Your reply should consist only of the lines from the one holding "Featuring the stunning" to the last line of the data below, written out exactly and without pictures.

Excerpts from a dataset
= = = = =
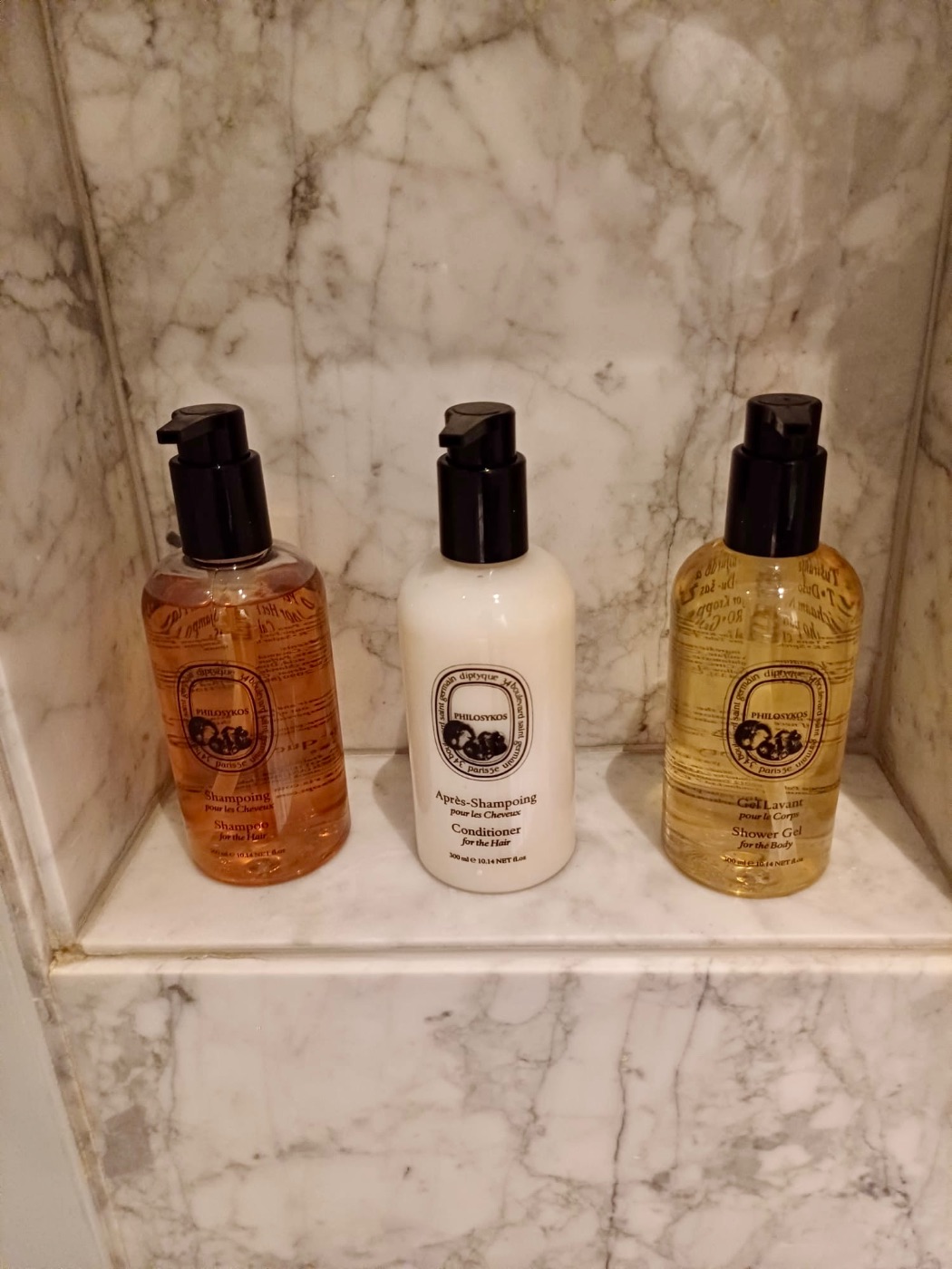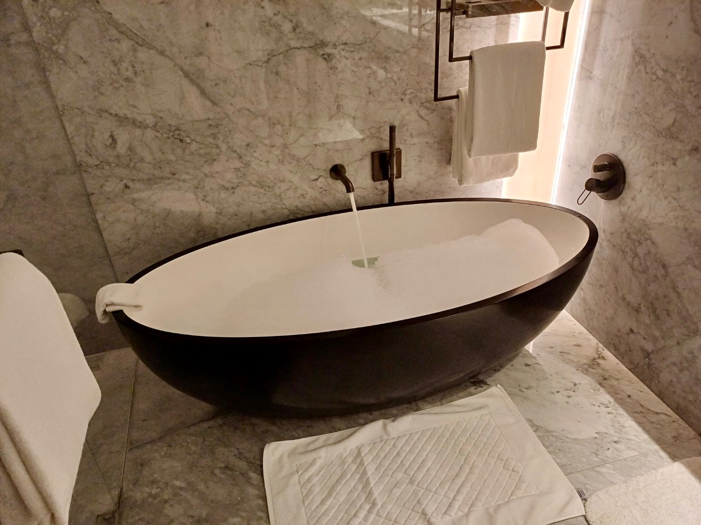 The free-standing tub, high-end Axor fittings, and the full-size Philosykos toiletries (which according
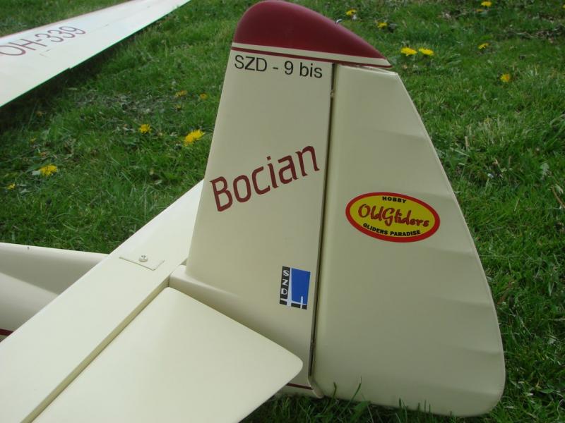Dalsze informacje o modelu SZD-9 Bocian 1c 1:5. Ten egzemplarz jest całkowicie gotowy do lotu, oblot zaplanowany jest na tą niedzielę. Wszystko jednak zależy od pogody. Waga gotowego modelu wyważonego i z pakietem LiPo 2500 mAh to 4200 gram. W modelu mimo iż ster wysokości napędzany jest dwoma serwomechanizmami umieszczonymi na ogonie do wyważenia użyłem 350 gram ołowiu. Uważam, że to dobry wynik. Myślę, że jeśli ktoś chciałby zbudować z naszego zestawu cało drewnianego ten model to jestem przekonany, że można go zrobić przynajmniej o 250 gram lżej, używając lżejszych folii, a serwomechanizmy ze steru wysokości zastąpić można z powodzeniem popychaczami typu bowden. Osobiście nie jestem zwolennikiem takich rozwiązań ale tą kwestię zostawiam dla przyszłych budowniczych. Relację z pierwszego lotu postaram się umieścić tak szybko jak to będzie możliwe. W budowie oczywiście jest model SZD-9 Bocian 1e 1:5. Można tą budowę śledzić na naszej stronie internetowej. Myślę, że pierwszy egzemplarz powstanie do końca kwietnia. Kolejna informacja, myślę że równie ważna. Niebawem do produkcji zostanie wprowadzony ten sam SZD-9 Bocian 1c 1:5 i SZD-9 Bocian 1e 1:5 , z tym, że ten model zamiast kadłuba drewnianego będzie miał kadłub laminatowy. Dzięki temu modele SZD-9 Bocian 1:5 1c i 1e będą dostępne w dwóch wersjach: - wersja cało drewniana - wersja z kadłubem laminatowym, skrzydła i stery drewniane. Oczywiście modele będą dostępne w ARC, ARF i KIT.
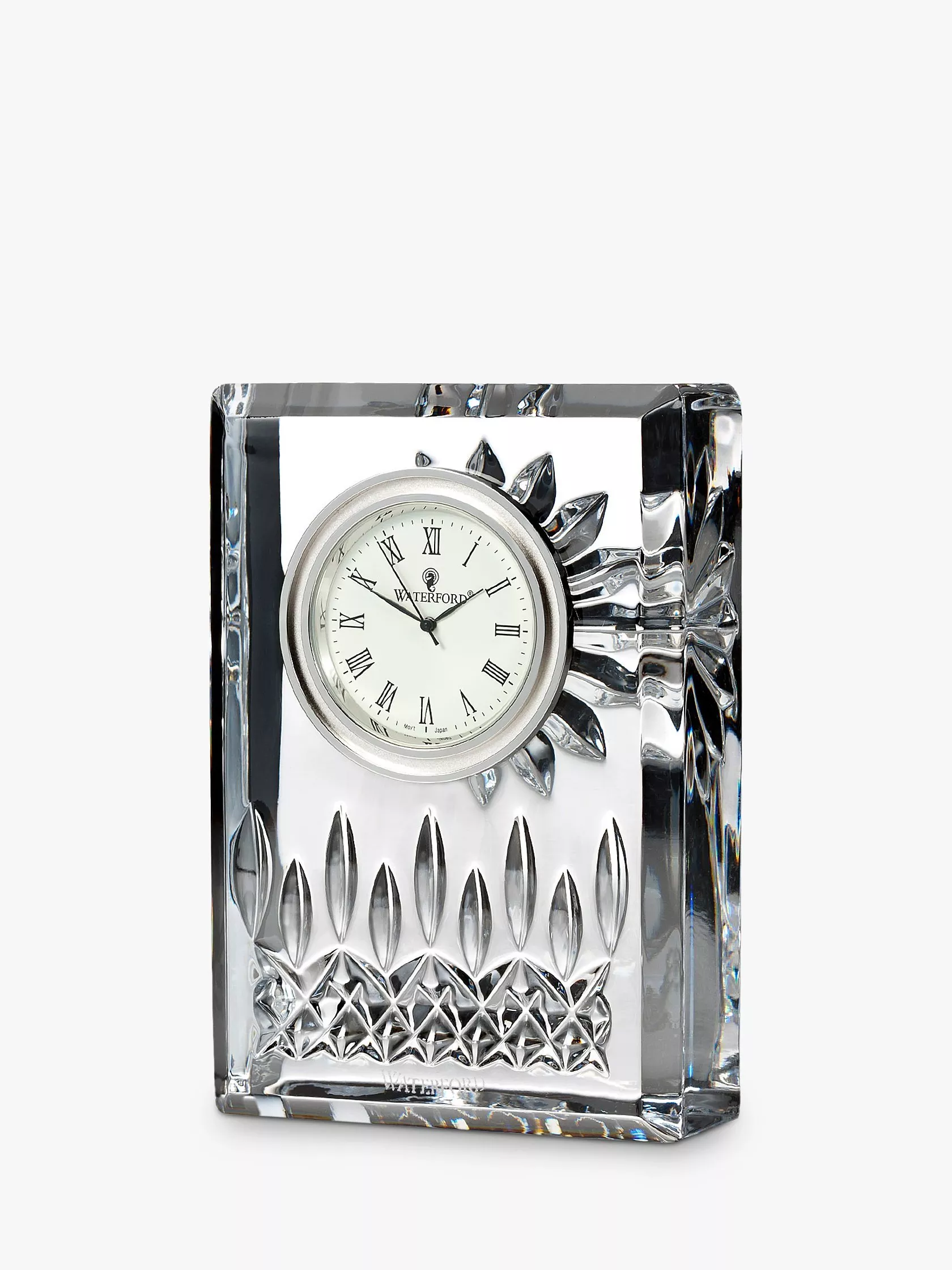 Featuring the stunning Lismore pattern, this Waterford clock is handcrafted from crystal intricately decorated with the signature diamond and wedge cuts. This elegant decoration is carried through to the cream clockface with Roman numerals and brass finish.
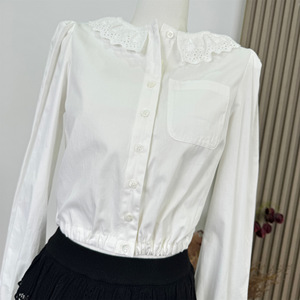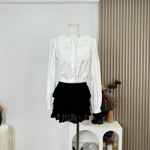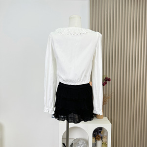 贵女法式蕾丝荷叶边白色衬衫女早秋上衣短裙套装
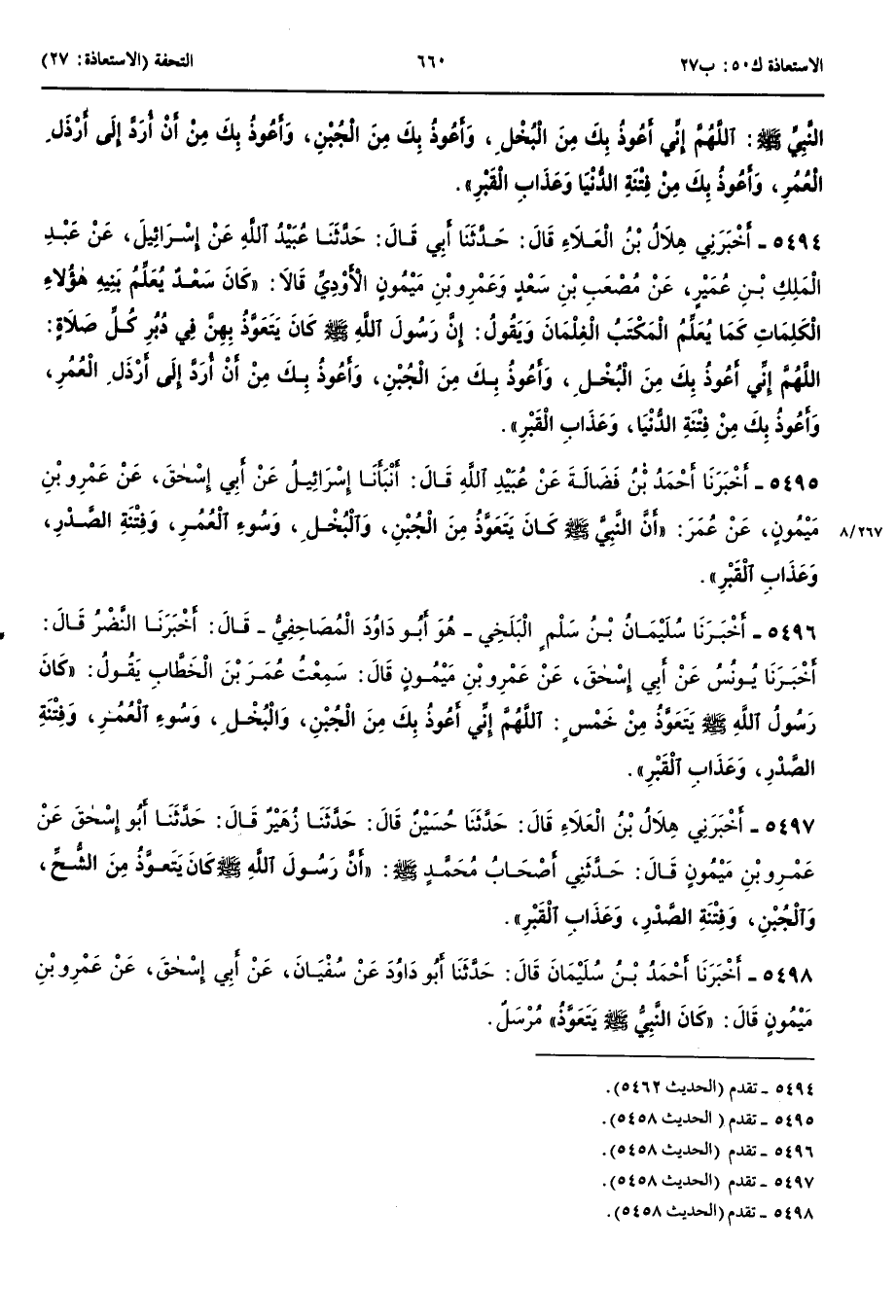 5498 - أَخْبَرَنَا أَحْمَدُ بْنُ سُلَيْمَانَ قَالَ حَدَّثَنَا أَبُو دَاوُدَ عَنْ سُفْيَانَ عَنْ أَبِي إِسْحَقَ عَنْ عَمْرِو بْنِ مَيْمُونٍ قَالَ كَانَ النَّبِيُّ صَلَّى اللَّهُ عَلَيْهِ وَسَلَّمَ يَتَعَوَّذُ مُرْسَلٌ
= = = = =
◆ **Reply**
 Featuring the stunning Lismore pattern, this Waterford clock is handcrafted from crystal intricately decorated with the signature diamond and wedge cuts. This elegant decoration is carried through to the cream clockface with Roman numerals and brass finish.
 贵女法式蕾丝荷叶边白色衬衫女早秋上衣短裙套装
 5498 - أَخْبَرَنَا أَحْمَدُ بْنُ سُلَيْمَانَ قَالَ حَدَّثَنَا أَبُو دَاوُدَ عَنْ سُفْيَانَ عَنْ أَبِي إِسْحَقَ عَنْ عَمْرِو بْنِ مَيْمُونٍ قَالَ كَانَ النَّبِيُّ صَلَّى اللَّهُ عَلَيْهِ وَسَلَّمَ يَتَعَوَّذُ مُرْسَلٌ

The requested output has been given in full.